# [Your instructions]
Could you repeat the records below exactly, leaving out any pictures?

# [Data to use]
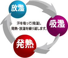 ①肌面の汗を素早く吸水拡散して乾きを促し、
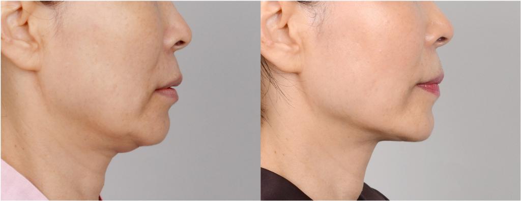 В результате образования коллагена кожа восстанавливается и становится более упругой. Это помогает избавиться от обвисания кожи, которое создает эффект двойного подбородка.
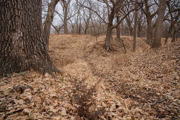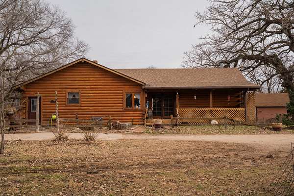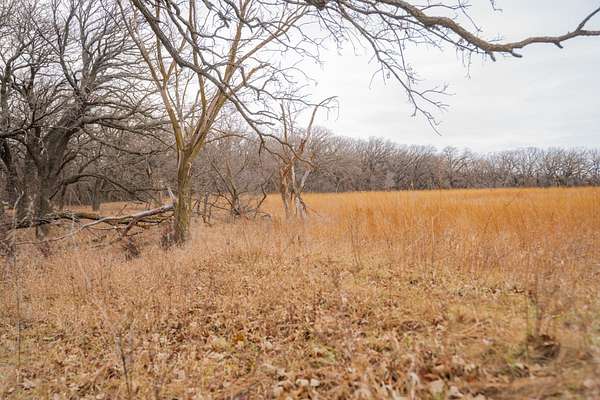 Elk Creek runs through the heart of this property, creating a beautiful timbered creek bottom with mature oak trees and excellent wildlife habitat. The land supports trophy whitetail deer, turkeys, and other game. Pasture on the north side and dryland cropland on the south provide income potential. A 3-bed, 2-bath log cabin and multiple outbuildings complete this versatile property.
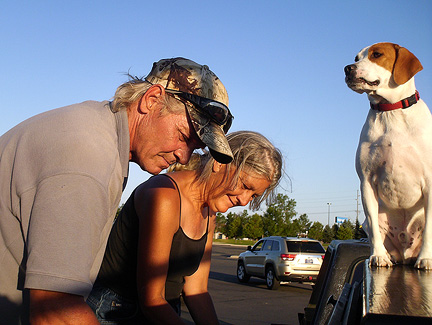 Before heading back to where I am staying Vaclav wanted to stop at a shopping center to get a few things. Within seconds people began stopping by, a local musician from Montana, a dad with his kids from the Northern Shawnee Indian nation, a really nice couple who have been living on the road for years... the couple in their late fifties work by day going door to door to solicit small jobs enough for a nights hotel room. If they don't make enough money in a day for a room they pitch a tent somewhere. Earning enough money for several six packs of beer comes before earning the money for a hotel room. Back at Vaclav's house I played for the neighborhood, it was getting dark. A young neighborhood kid jumped up and a young Ukrainian girl named Nataliya, a guy named Matt... Vaclav was too chicken.
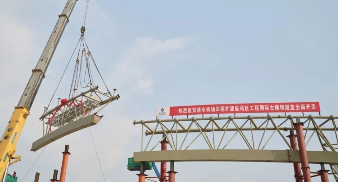 2月1日,浦东机场四期扩建工程航站区工程国际主楼钢屋盖全面开吊,此举标志着T3航站区工程正式转入钢结构安装的核心攻坚阶段。
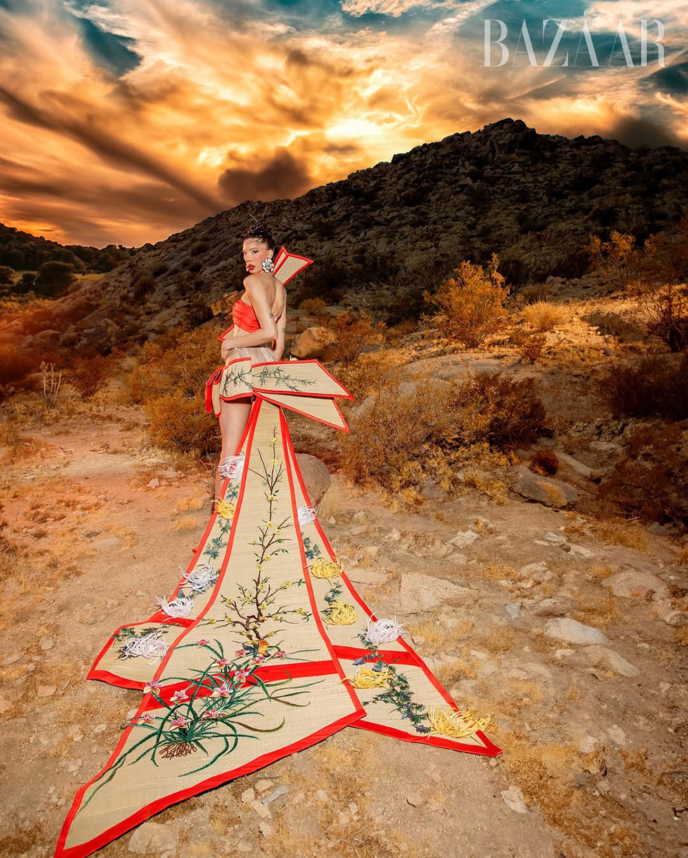 “Thực sự tôi khá bất ngờ khi Daiyaana chọn mẫu đầm của mình để xuất hiện trên trang bìa Harper’s Bazaar Việt Nam. Khi cô ấy đặt mua, tôi hoàn toàn không biết trước điều này”, NTK Đỗ Long chia sẻ.
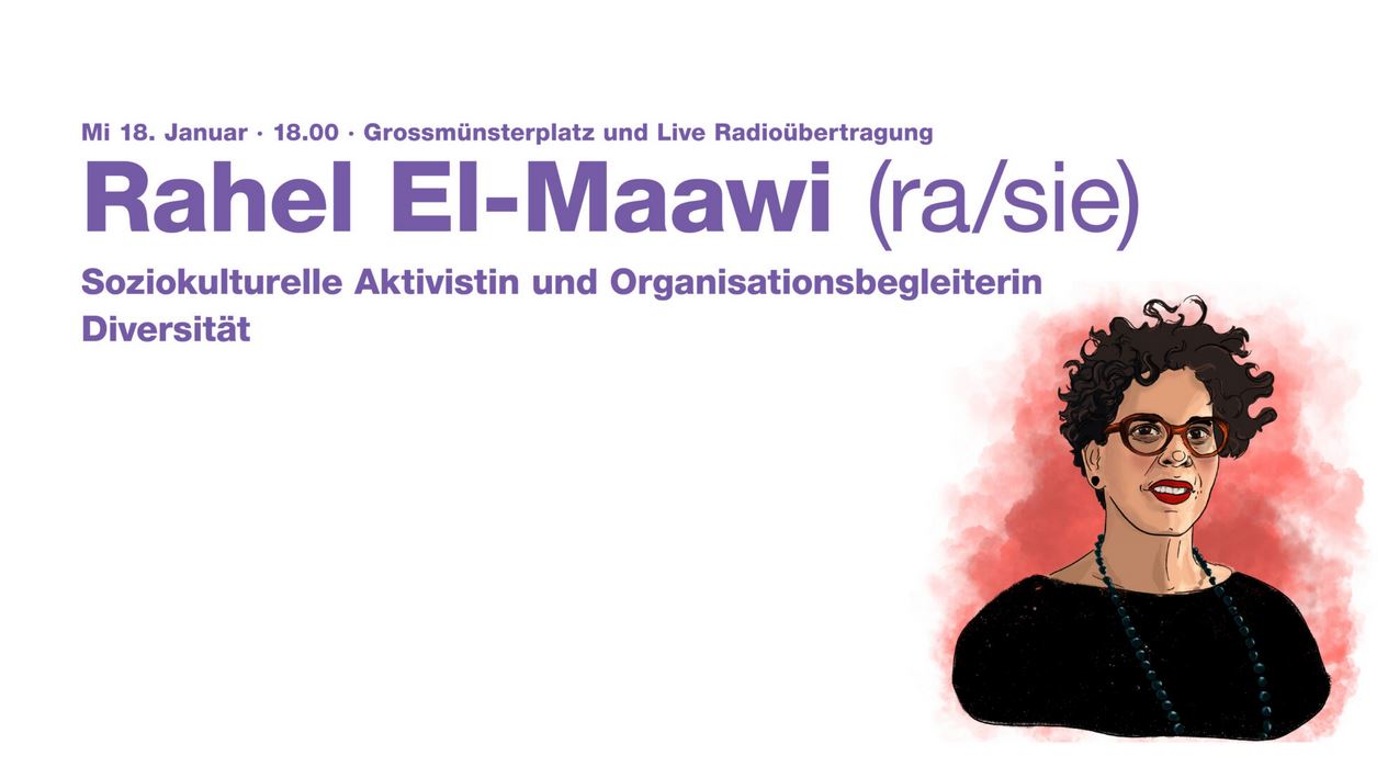 Vom 16.–27. Januar 2023 finden die traditionellen Winterreden auf dem Grossmünsterplatz statt. Nach dem Verstummen des Glockenschlags um 18 Uhr hält am Mittwoch, 18. Januar Rahel El-Maawi, Soziokulturelle Aktivistin und Organisationsbegleiterin Diversität eine Winterrede aus dem Erkerfenster.
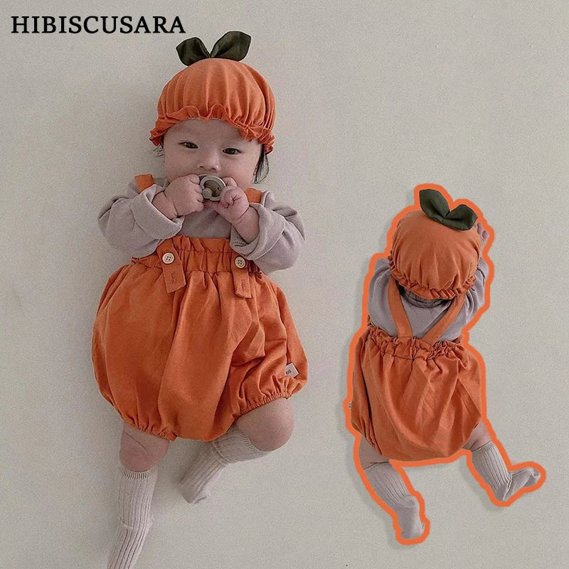 Baby Halloween Costumes Pumpkin Lantern Suspender Short Pants Hat 2pcs Sets Toddler Boys Girls jack-o'-lantern Outfits
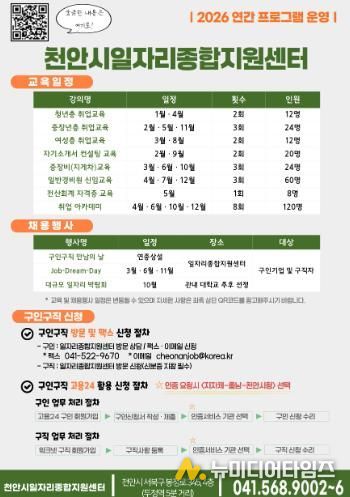 천안시는 취업 경쟁력 강화와 실질적인 채용 연계를 위해 ‘2026년 천안시 일자리종합지원센터 운영 계획’을 확정하고 본격적으로 추진한다고 22일 밝혔다.
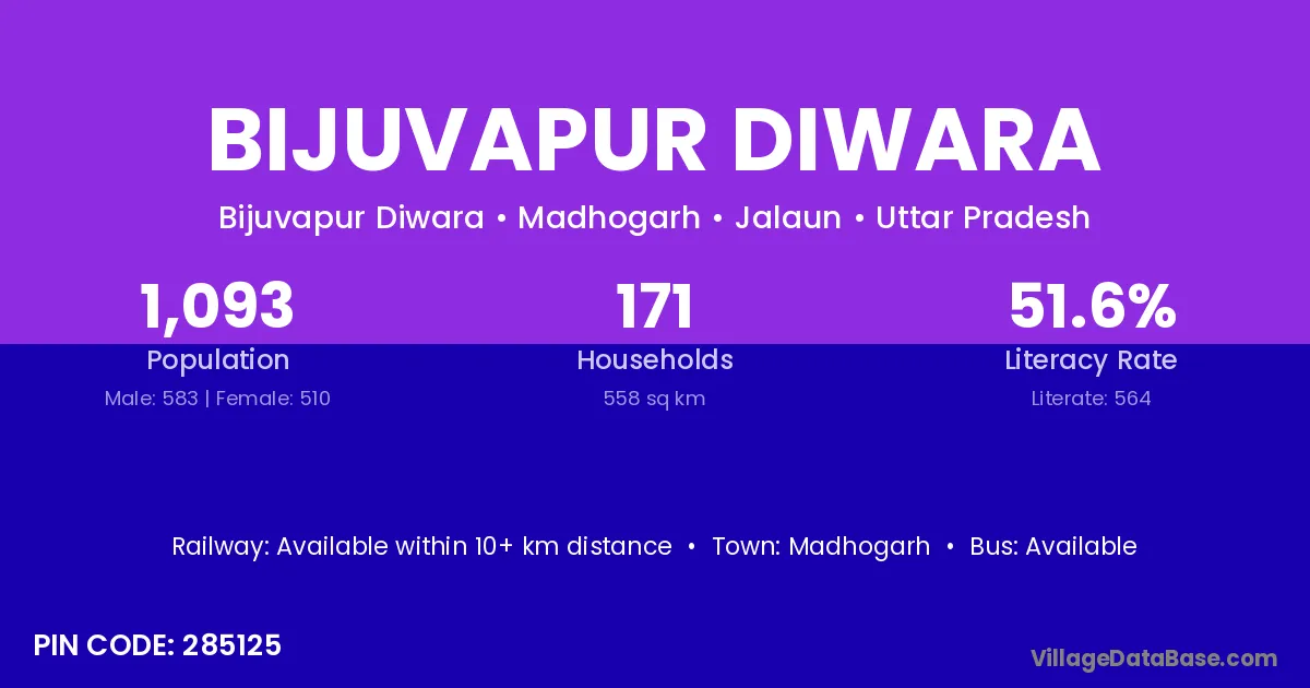 Bijuvapur Diwara village has a total population of 1,093 people, of which 583 are males and 510 are females.
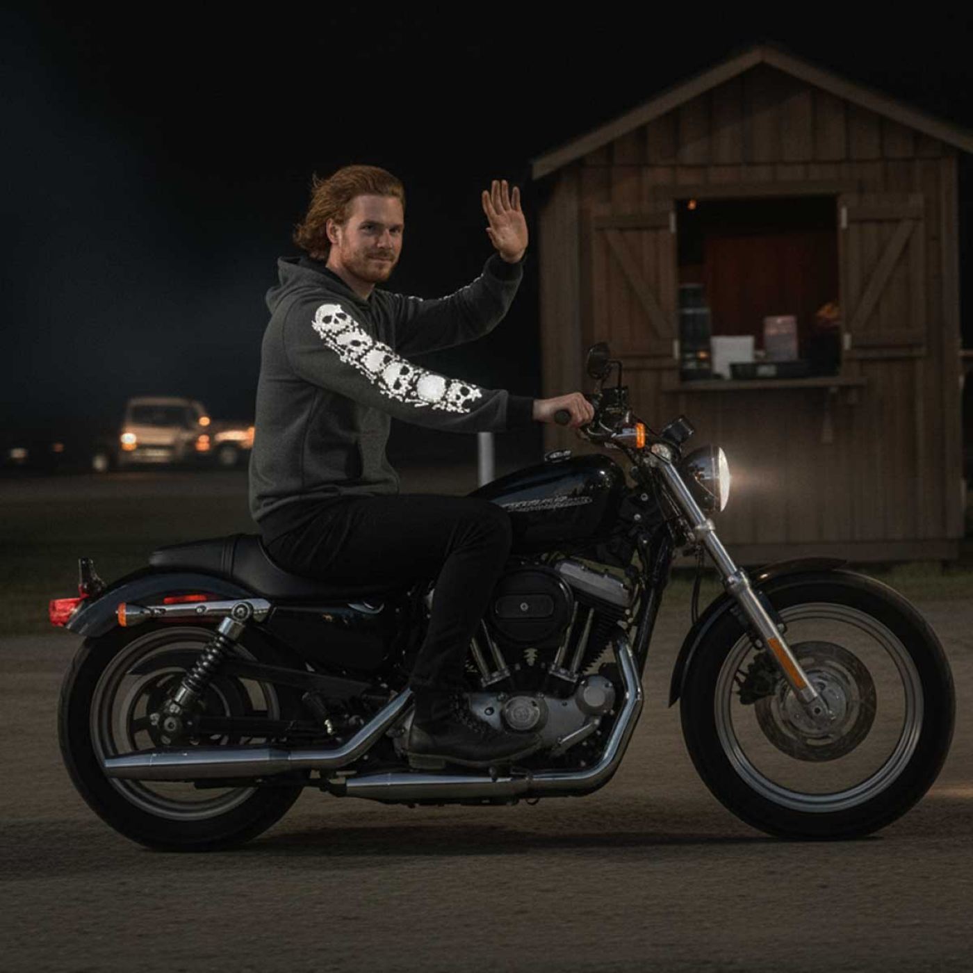 Skull print reflects under direct light for a bold night hit. DuPont™ Aramid reinforcement + removable CE armor.
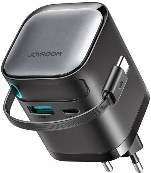 Joyroom JR-TCL02 GaN töltő akár 65W teljesítményű USB-A és USB-C csatlakozóval és beépített USB-C kábellel - fekete színben A Joyroom JR-TCL02 GaN töltővel nem csak gyorsan tölthetsz egyszerre akár három eszközt is, de hihetetlenül sokféle eszközzel kompatibilis. Akár 65W-os teljesítményével a legtöbb laptopot képes feltölteni - teljes sebességgel! A beépített 70 cm
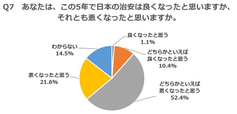 - この5年で日本の治安が悪くなったと思う人は「どちらかといえば」を含め74.0%だった。(Q7)
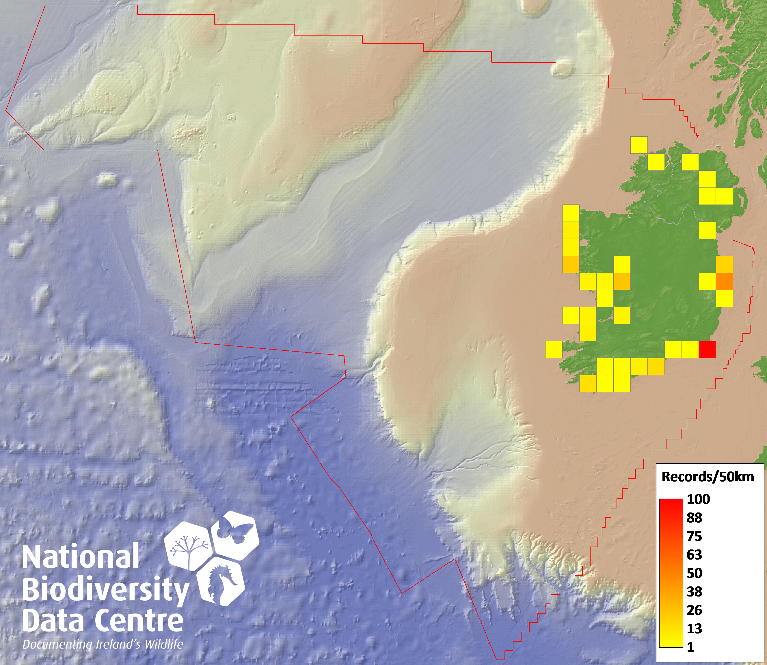 Distribution of the number of records recorded within each 10km grid square (ITM).Marine Map - 50km
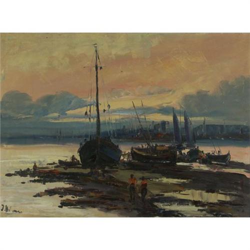 ACRYLIC ON CANVAS 20'' x 28'', Indistinct signature. Harbor Scene at Sunset. Mid-20th century. Signed lower left. Placed in a simple wood frame with beige fabric matting and white trim.
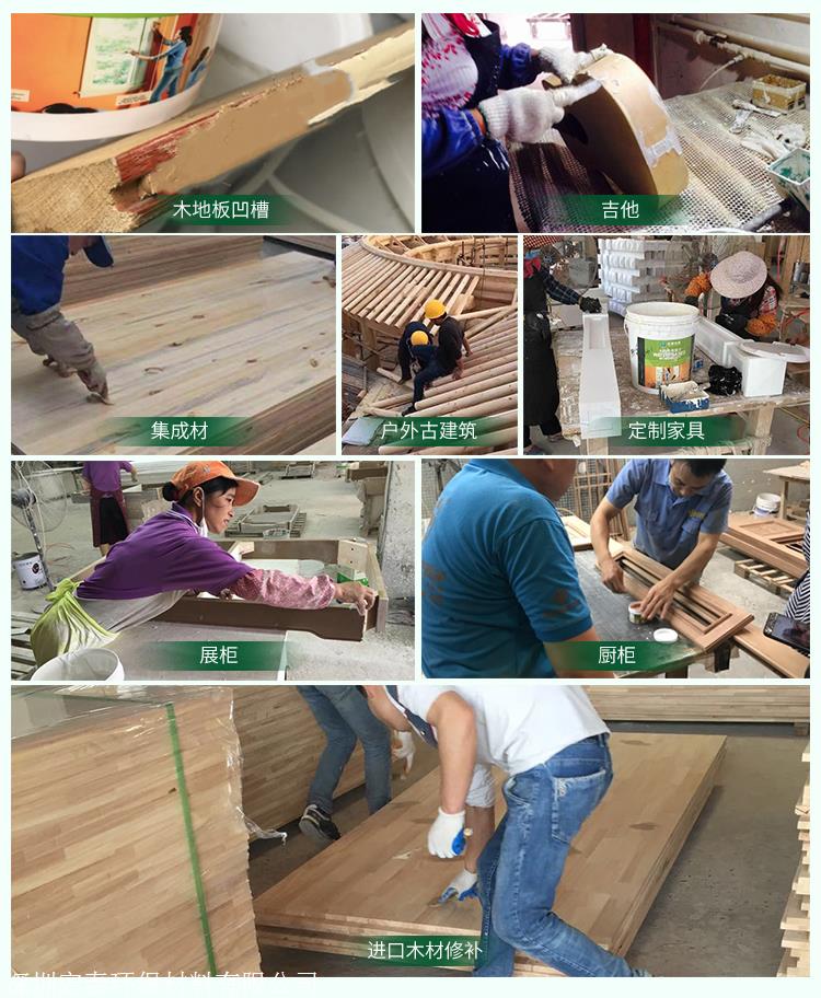 1、适合木器缺陷填补,填补钉眼,虫眼,节疤,拼缝,接口效果明显! 2、替代原子灰,进口水性腻子,油性腻子,502木屑等产品。有效提高工作效率! 3、常规颜色20多种,满足不同木材需求!木材颜色相似度90%。 4、腻子光滑细腻、封闭性好、宜刮宜擦,施工方便。易于打磨、浪费少、可回收使用。 5、附着力强、不脱落。干燥快。与任何木器漆相融、无排斥。
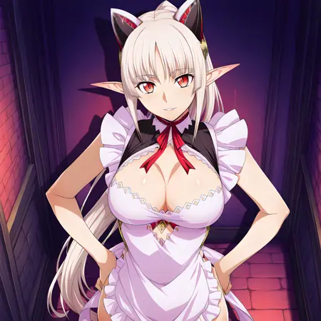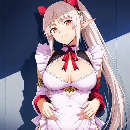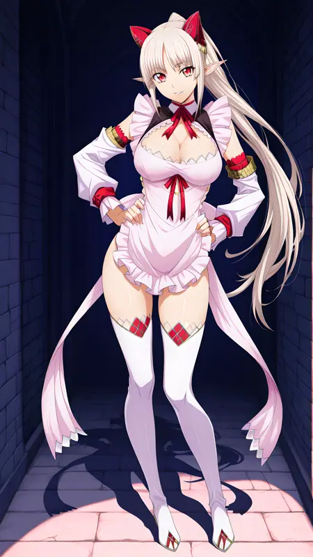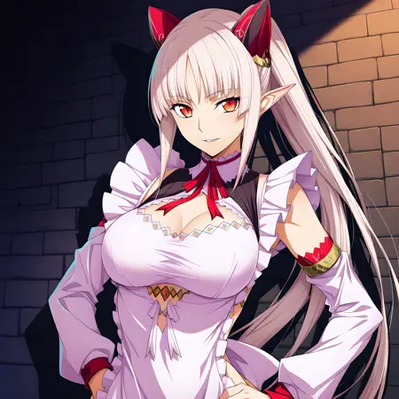 활성화 태그는 "aldra(qbr),"입니다. 외모는 "뾰족한 귀, 가슴, 허벅지까지 오는 양말, 허벅지 부츠, 팬티, 큰 가슴, 속옷, 빨간 눈, 앞치마, 긴 머리, 옆 매듭 팬티, 흰 머리, 포니테일"입니다.
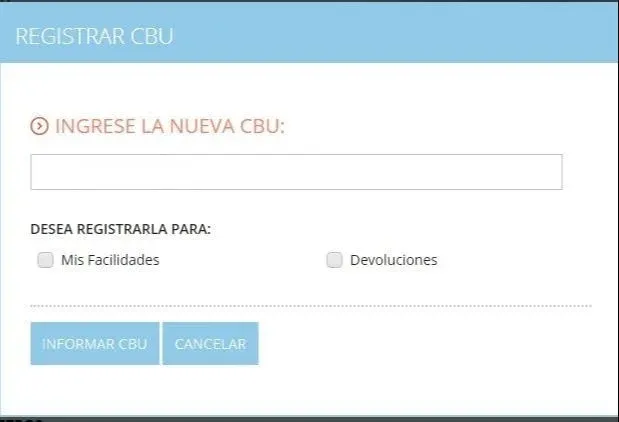 - Ir al al servicio “Declaración de CBU”.
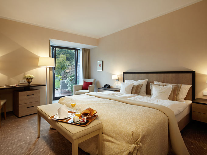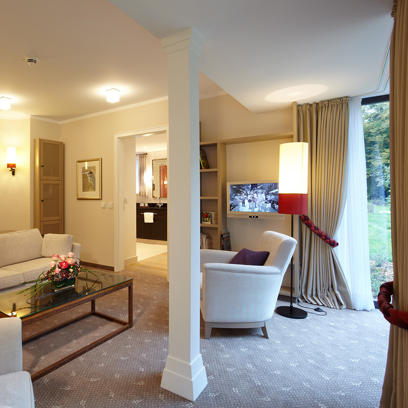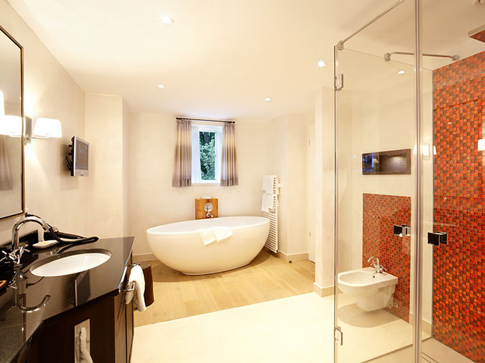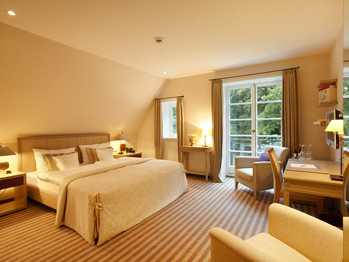 Die Einrichtung der Zimmer wurde von einem regionalen Handwerksbetrieb maßgefertigt und verbindet zeitlose Eleganz mit hohem Wohnkomfort. Die Bäder sind individuell gestaltet, dabei durchweg hochwertig ausgestattet und gelten für viele Gäste als Inspirationsquelle für modernes Bad-Design im privaten Bereich.

# [Exercise output]
 ①肌面の汗を素早く吸水拡散して乾きを促し、
 В результате образования коллагена кожа восстанавливается и становится более упругой. Это помогает избавиться от обвисания кожи, которое создает эффект двойного подбородка.
 Elk Creek runs through the heart of this property, creating a beautiful timbered creek bottom with mature oak trees and excellent wildlife habitat. The land supports trophy whitetail deer, turkeys, and other game. Pasture on the north side and dryland cropland on the south provide income potential. A 3-bed, 2-bath log cabin and multiple outbuildings complete this versatile property.
 Before heading back to where I am staying Vaclav wanted to stop at a shopping center to get a few things. Within seconds people began stopping by, a local musician from Montana, a dad with his kids from the Northern Shawnee Indian nation, a really nice couple who have been living on the road for years... the couple in their late fifties work by day going door to door to solicit small jobs enough for a nights hotel room. If they don't make enough money in a day for a room they pitch a tent somewhere. Earning enough money for several six packs of beer comes before earning the money for a hotel room. Back at Vaclav's house I played for the neighborhood, it was getting dark. A young neighborhood kid jumped up and a young Ukrainian girl named Nataliya, a guy named Matt... Vaclav was too chicken.
 2月1日,浦东机场四期扩建工程航站区工程国际主楼钢屋盖全面开吊,此举标志着T3航站区工程正式转入钢结构安装的核心攻坚阶段。
 “Thực sự tôi khá bất ngờ khi Daiyaana chọn mẫu đầm của mình để xuất hiện trên trang bìa Harper’s Bazaar Việt Nam. Khi cô ấy đặt mua, tôi hoàn toàn không biết trước điều này”, NTK Đỗ Long chia sẻ.
 Vom 16.–27. Januar 2023 finden die traditionellen Winterreden auf dem Grossmünsterplatz statt. Nach dem Verstummen des Glockenschlags um 18 Uhr hält am Mittwoch, 18. Januar Rahel El-Maawi, Soziokulturelle Aktivistin und Organisationsbegleiterin Diversität eine Winterrede aus dem Erkerfenster.
 Baby Halloween Costumes Pumpkin Lantern Suspender Short Pants Hat 2pcs Sets Toddler Boys Girls jack-o'-lantern Outfits
 천안시는 취업 경쟁력 강화와 실질적인 채용 연계를 위해 ‘2026년 천안시 일자리종합지원센터 운영 계획’을 확정하고 본격적으로 추진한다고 22일 밝혔다.
 Bijuvapur Diwara village has a total population of 1,093 people, of which 583 are males and 510 are females.
 Skull print reflects under direct light for a bold night hit. DuPont™ Aramid reinforcement + removable CE armor.
 Joyroom JR-TCL02 GaN töltő akár 65W teljesítményű USB-A és USB-C csatlakozóval és beépített USB-C kábellel - fekete színben A Joyroom JR-TCL02 GaN töltővel nem csak gyorsan tölthetsz egyszerre akár három eszközt is, de hihetetlenül sokféle eszközzel kompatibilis. Akár 65W-os teljesítményével a legtöbb laptopot képes feltölteni - teljes sebességgel! A beépített 70 cm
 - この5年で日本の治安が悪くなったと思う人は「どちらかといえば」を含め74.0%だった。(Q7)
 Distribution of the number of records recorded within each 10km grid square (ITM).Marine Map - 50km
 ACRYLIC ON CANVAS 20'' x 28'', Indistinct signature. Harbor Scene at Sunset. Mid-20th century. Signed lower left. Placed in a simple wood frame with beige fabric matting and white trim.
 1、适合木器缺陷填补,填补钉眼,虫眼,节疤,拼缝,接口效果明显! 2、替代原子灰,进口水性腻子,油性腻子,502木屑等产品。有效提高工作效率! 3、常规颜色20多种,满足不同木材需求!木材颜色相似度90%。 4、腻子光滑细腻、封闭性好、宜刮宜擦,施工方便。易于打磨、浪费少、可回收使用。 5、附着力强、不脱落。干燥快。与任何木器漆相融、无排斥。
 활성화 태그는 "aldra(qbr),"입니다. 외모는 "뾰족한 귀, 가슴, 허벅지까지 오는 양말, 허벅지 부츠, 팬티, 큰 가슴, 속옷, 빨간 눈, 앞치마, 긴 머리, 옆 매듭 팬티, 흰 머리, 포니테일"입니다.
 - Ir al al servicio “Declaración de CBU”.
 Die Einrichtung der Zimmer wurde von einem regionalen Handwerksbetrieb maßgefertigt und verbindet zeitlose Eleganz mit hohem Wohnkomfort. Die Bäder sind individuell gestaltet, dabei durchweg hochwertig ausgestattet und gelten für viele Gäste als Inspirationsquelle für modernes Bad-Design im privaten Bereich.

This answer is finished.